3. The Holy Man Wrecks an Empire
Rasputin’s worst advice came during the First World War. When he sought to visit the front to bless the troops, Russia’s army commander, who viewed Rasputin as a charlatan, vowed to hang him if he came anywhere near the front. So Rasputin bad-mouthed him to the Emperor, and claimed that he had a religious revelation that Russia’s armies would not succeed until Nicholas II went to the front and took personal command. So in 1915, the Emperor appointed himself commander of the armed forces, and announced that he would assume personal command of the war. It was a disastrous decision. Absolutist imperial rule was made psychologically palatable to the Russian masses with the myth that whatever was going wrong, the Emperor was blameless. Corrupt officials were responsible, and they hid the truth from the Emperor.

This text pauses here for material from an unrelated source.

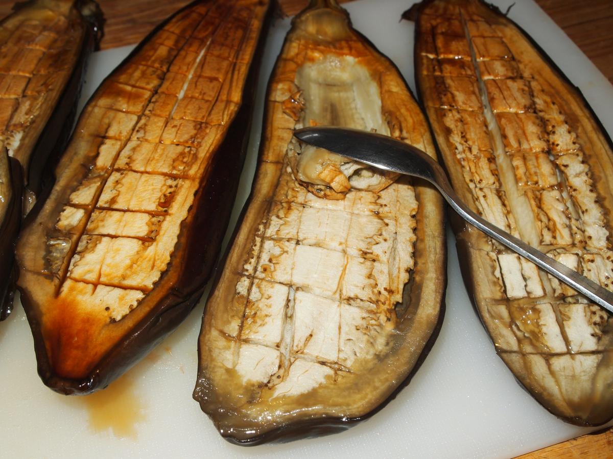 Sacar las berenjenas del horno, con ayuda de una cuchara y sin quemarnos, sacar la carne de las berenjenas, picar y agregar a nuestra salsa boloñesa.

That myth became untenable once Nicholas took personal command. From then on, responsibility for defeat, mismanagement, and incompetence in conducting the war would be laid directly at the Emperor’s feet. Since Nicholas knew next to nothing about running a war, there was bound to be plenty of defeat, mismanagement, and incompetence to lay at his feet. It was made worse by another decision, based on Rasputin’s advice, to place Empress Alexandra in charge of running Russia while Nicholas was running the war. On the one hand, there was no doubt of her loyalty to the royal family. On the other, she was incompetent and stupid. And the worst kind of stupid: the kind in which the stupid person is too ignorant to even grasp the extent of said ignorance, and thus gets deluded into believing that he or she is intelligent.